Regime Defence Disguised as a Defence of Sovereignty: The Hungarian Defence of National Sovereignty Bill as a violation of European values

Blogpost 9/2024

On 12 December 2023, Hungary passed a bill for the defence of national sovereignty which reportedly provides ‘the executive with even more opportunity to silence and stigmatise independent voices and opponents.’ On 1 February 2024, Hungary’s Sovereignty Protection Office is going to start operating. The Hungarian Sovereignty Bill constitutes another harmful attack on pluralism and democracy. It has been heavily criticised not only by the Council of Europe Commissioner for Human Rights but also by countless NGOs such as the Hungarian Helsinki Committee, the European Civic Forum and a coalition of over 100 Hungarian civil society organisations. Despite calls from inter alia the European Parliament to launch an infringement action against Hungary, the European Commission has to date not taken any measures.

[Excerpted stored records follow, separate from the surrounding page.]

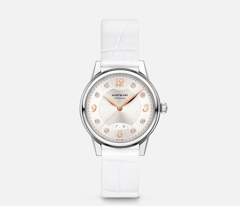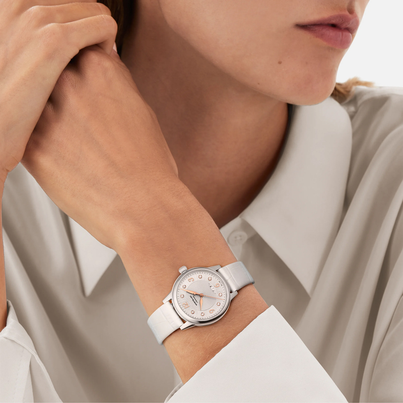 Ideal para mulheres que apreciam um toque clássico e intemporal, este modelo combina um mostrador madrepérola com detalhes requintados e numerais árabes delicadamente desenhados.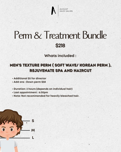 What's included : Men's Texture Perm, Rejuvenate Spa & Haircut
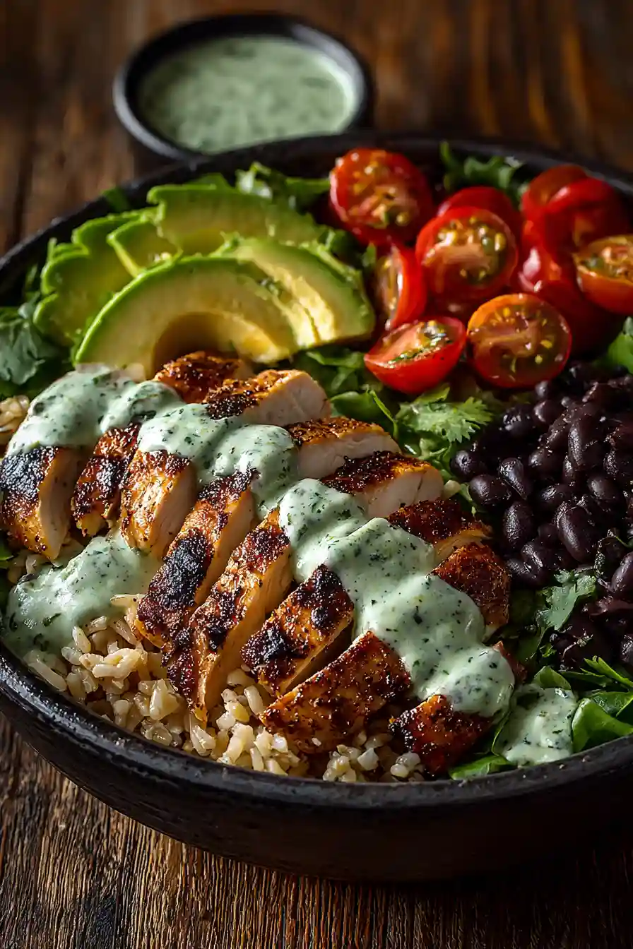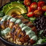 Healthy Peruvian Chicken Rice Bowl with grilled chicken, rice, fresh vegetables, and light cilantro sauce.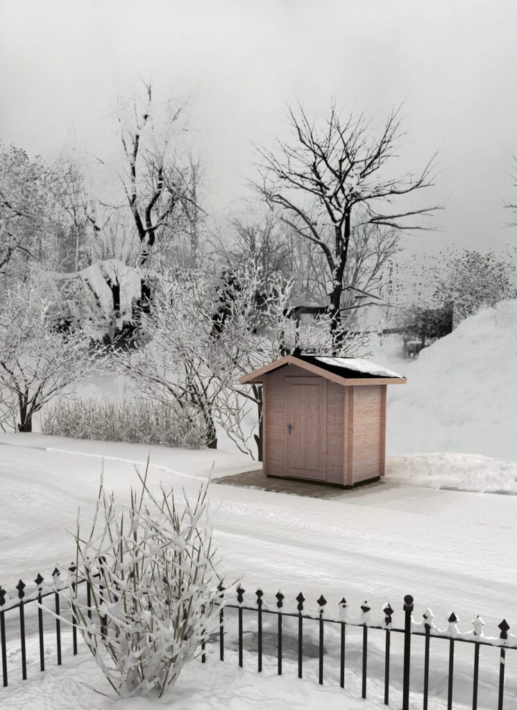 Perinteikäs hirsinen pihavarasto harjakatolla. Kevythirsivarastot kootaan perinteiseen tapaan yksittäisistä 45 millin paksuisista kevythirsilaudoista rakentamalla.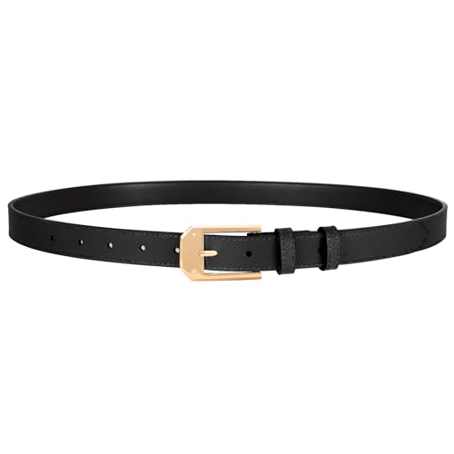 XZQTIVE Women's Thin Leather Belts Ladies Skinny Black Belts for Jeans Dress Pants Trendy Waist Belt with Gold Buckle 5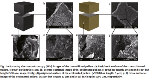 數(shù)據(jù):Fig. 1 的SEM圖像顯示,未馴化顆粒表面孔隙多但細菌稀疏(圖1a-c),而馴化后顆粒表面覆蓋密集桿狀菌生物膜(厚度80-120 μm),截面顯示細菌主要分布于外層(0-300 μm)(圖1d-f)。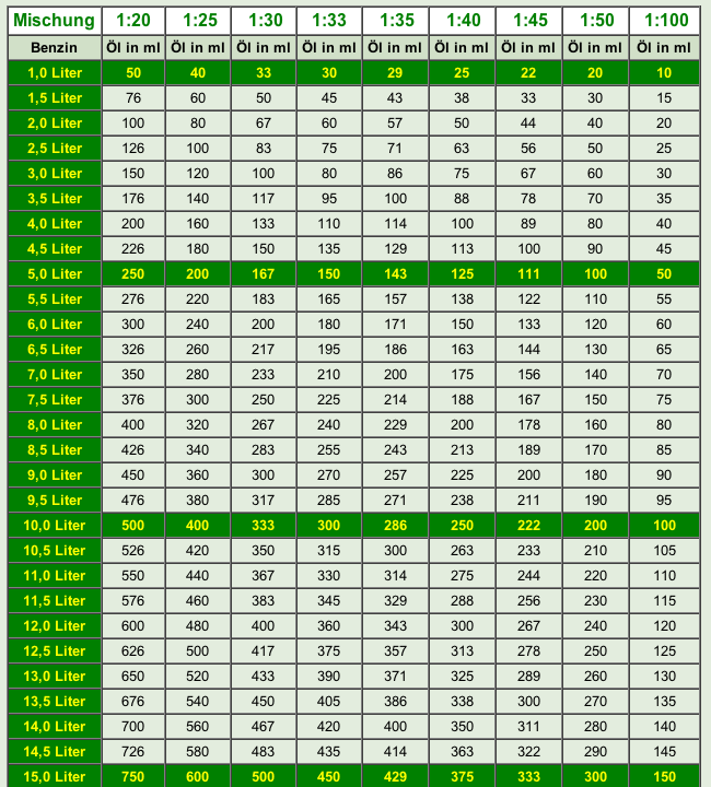 Mischung 1:16 1:18 1:20 1:25 1:30 1:33 1:35 1:40 1:45 1:50 1:100 Benzin Öl in ml Öl in ml Öl in ml Öl in ml Öl in ml Öl in ml Öl in ml Öl in ml Öl in ml Öl in ml Öl in ml 1,0 Liter 63 56 50 40 33 30 29 25 22 20 10 1,5 Liter 94 83 76 60 50 45 43 38 33 30 15 2,0 Liter 125 111 100 80 67 61 57 50 44 40 20 2,5 Liter 156 139 126 100 83 76 71 63 56 50 25 3,0 Liter 188 167 150 120 100 91 86 75 67 60 30 3,5 Liter 219 194 176 140 117 106 100 88 78 70 35 4,0 Liter 250 222 200 160 133 121 114 100 89 80 40 4,5 Liter 282 250 226 180 150 136 129 113 100 90 45 5,0 Liter 313 278 250 200 167 152 143 125 111 100 50 5,5 Liter 344 306 276 220 183 167 157 138 122 110 55 6,0 Liter 375 333 300 240 200 182 171 150 133 120 60 6,5 Liter 406 361 326 260 217 197 186 163 144 130 65 7,0 Liter 438 391 350 280 233 212 200 175 156 140 70 7,5 Liter 469 417 376 300 250 227 214 188 167 150 75 8,0 Liter 500 444 400 320 267 242 229 200 178 160 80 8,5 Liter 531 472 426 340 283 258 243 213 189 170 85 9,0 Liter 563 500 450 360 300 273 257 225 200 180 90 9,5 Liter 593 528 476 380 317 288 271 238 211 190 95 10,0 Liter 625 556 500 400 333 303 286 250 222 200 100 10,5 Liter 656 583 526 420 350 318 300 263 233 210 105 11,0 Liter 688 611 550 440 367 333 314 275 244 220 110 11,5 Liter 719 639 576 460 383 348 329 288 256 230 115 12,0 Liter 750 667 600 480 400 364 343 300 267 240 120 12,5 Liter 781 694 626 500 417 379 357 313 278 250 125 13,0 Liter 813 722 650 520 433 394 371 325 289 260 130 13,5 Liter 844 750 676 540 450 409 386 338 300 270 135 14,0 Liter 875 778 700 560 467 424 400 350 311 280 140 14,5 Liter 906 806 726 580 483 439 414 363 322 290 145 15,0 Liter 938 833 750 600 500 455 429 375 333 300 150 15,5 Liter 969 861 776 620 517 470 443 388 344 310 155 16,0 Liter 1000 889 800 640 533 485 457 400 356 320 160 16,5 Liter 1031 917 826 660 550 500 471 413 367 330 165 17,0 Liter 1063 944 850 680 567 515 486 425 378 340 170 17,5 Liter 1094 972 876 700 583 530 500 438 389 350 175 18,0 Liter 1125 1000 900 720 600 545 514 450 400 360 180 18,5 Liter 1156 1028 926 740 617 561 529 463 411 370 185 19,0 Liter 1188 1056 950 760 633 576 543 475 422 380 190 19,5 Liter 1219 1083 976 780 650 591 557 488 433 390 195 20,0 Liter 1250 1111 1000 800 667 606 571 500 444 400 200 -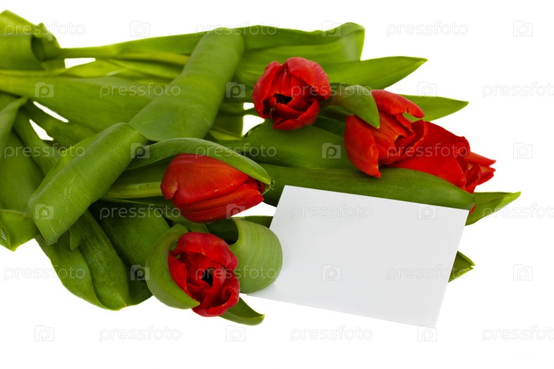 Красные тюльпаны на белом фоне
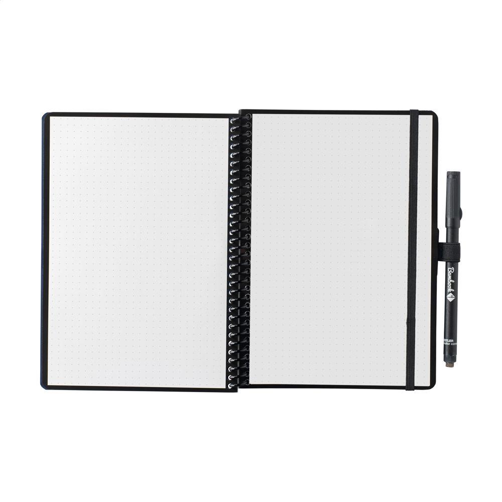 Découvrez ce cahier effaçable au format A5, idéal pour les professionnels du marketing et les organisateurs d'événements. Avec sa couverture solide en carton certifié FSC ornée d'un motif bambou subtil, il offre 20 feuilles (40 pages) de papier effaçable à grille à points. Écrivez avec le marqueur spécial fourni, scannez vos notes via l'application dédiée et effacez-les d'un simple chiffon humide pour une réutilisation infinie.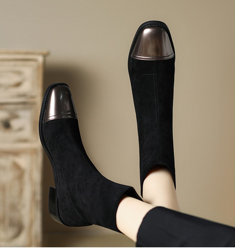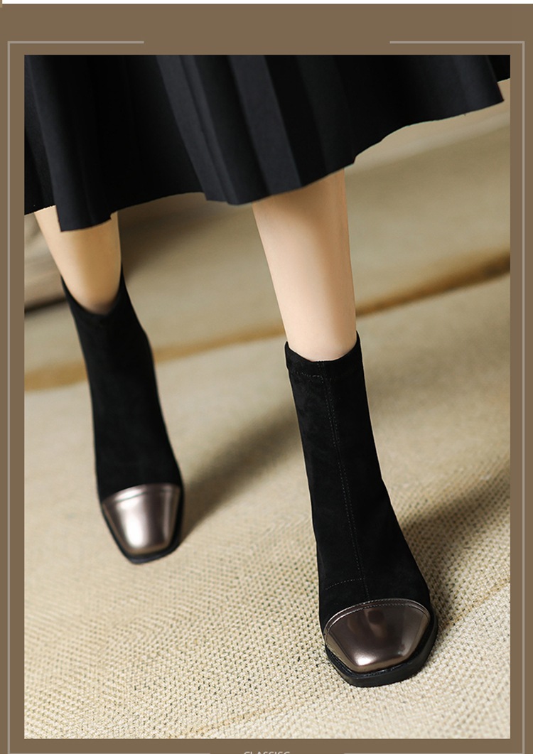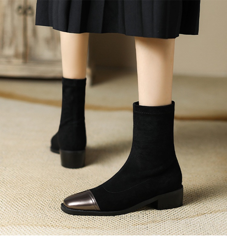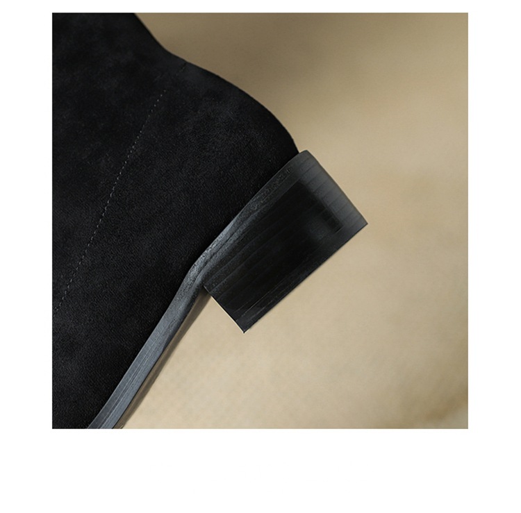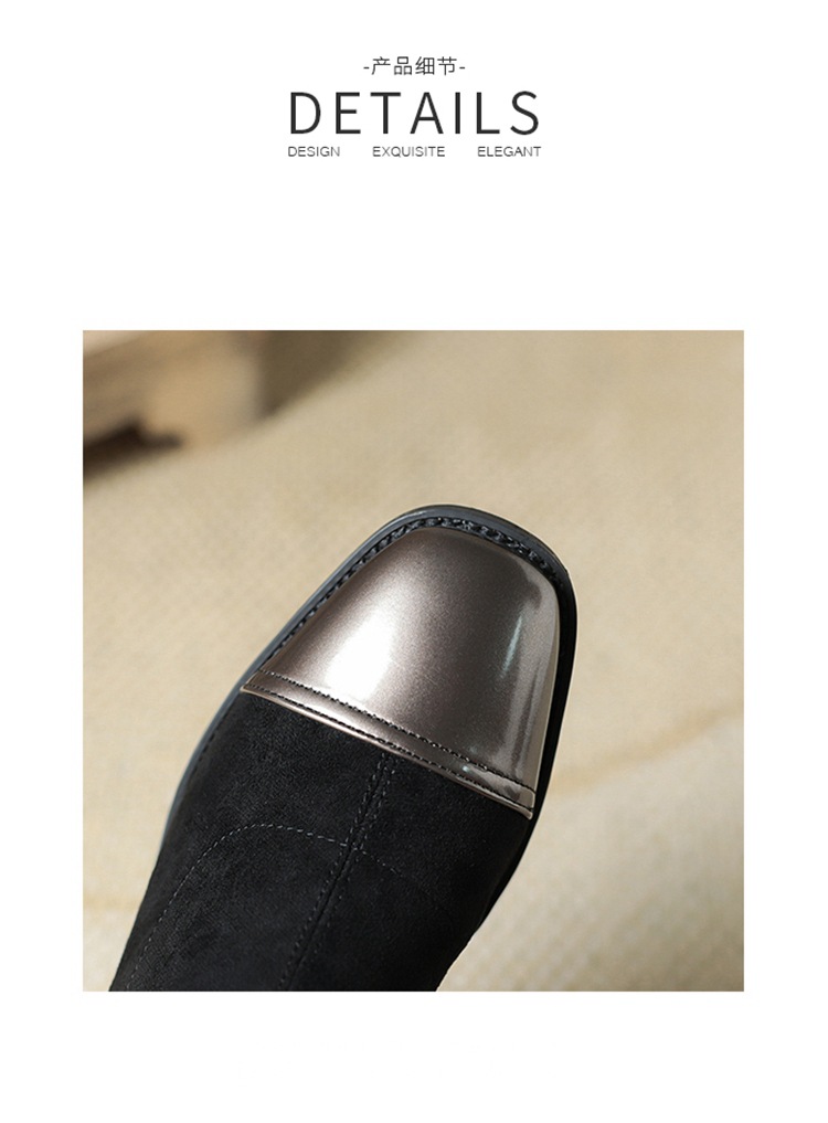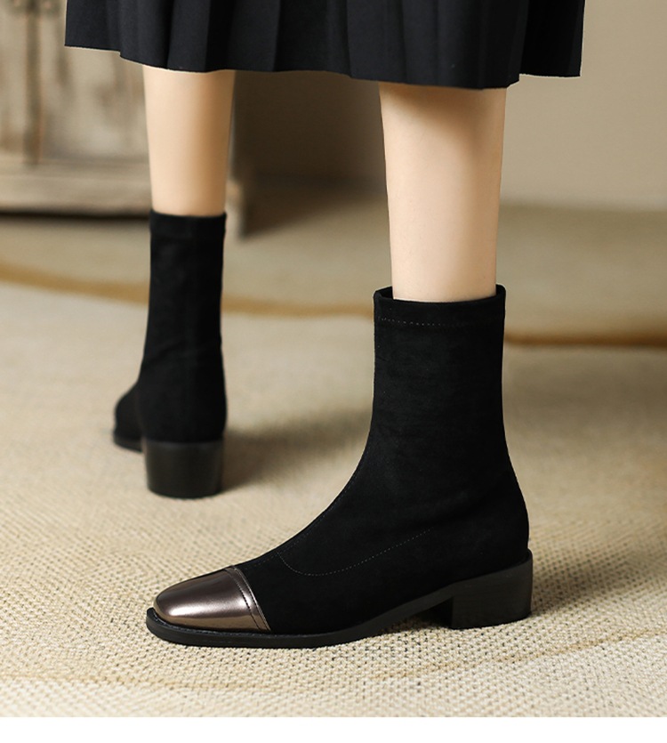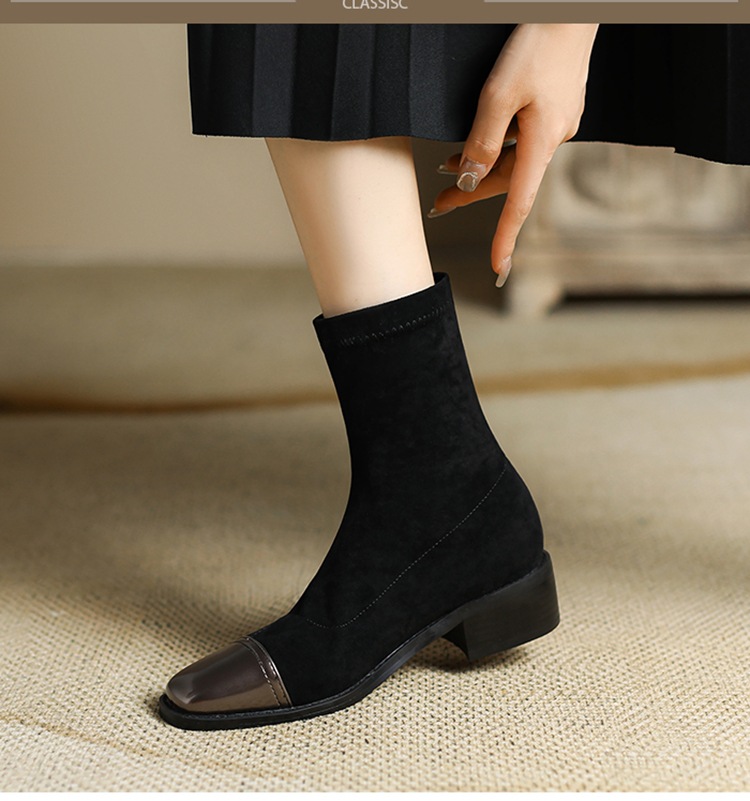32-43 레트로 두꺼운 힐 부츠 여성용 가을 새 광장 헤드 스티칭 스트레치 얇은 부츠 미드 힐 대형 부츠스토어 가기

This blogpost argues that the European Commission should address the Hungarian Sovereignty bill as a clear violation of the principle of democracy under Article 2 TEU and aims to show in what respects this principle is violated.

 

Background

At its core, the Hungarian Defence of National Sovereignty Bill (an unofficial English translation is available here) sets up an Office for the Defence of Sovereignty. This Office is vested with wide-ranging powers to investigate activities carried out in the interests of another State aimed at influencing democratic debate and the decision-making processes of the Hungarian State and society if they could harm or threaten the sovereignty of Hungary. Further, the Office identifies and investigates organisations that use foreign funding to influence the outcome of elections or the will of the voters in Hungary. In order to conduct and conclude its investigations, the Office for the Defence of Sovereignty shall have access not only to all data in the possession of the organisation under investigation, but equally has the power to request information from anyone related to the case under investigation. Whereas the Office itself does not have the power to issue sanctions, the Defence of Sovereignty Bill amends the Hungarian Criminal code so that an election candidate using foreign funds can face a prison sentence of up to three years.

Given the ambiguous and vague terminology used in the Bill, the Office for the Defence of Sovereignty can, as pointed out by the Hungarian Civil Liberties Union, ‘arbitrarily target any organisation or person it suspects of serving foreign interests and jeopardising Hungary’s sovereignty’. The Bill hence does not only have a chilling effect on media outlets and NGOs which could fall under its scrutiny. Rather, ‘no individual or organisation is safe from this invasive scrutiny, not even businesses, churches, trade unions, or municipalities.’ The Bill targets the Civil Society and the existence of an open civic space broadly and, ‘[b]y implying that foreign interests are behind every critical position, authorities (…) seek to intimidate, deter and silence those who are actively engaged in public life.’ The fact that the Office’s president, Tamás Lánczi, was nominated by Orbán himself and appointed by the President, exacerbates ‘concerns about of [sic] the independence of the body and the risk of politically motivated abuses of its authority.’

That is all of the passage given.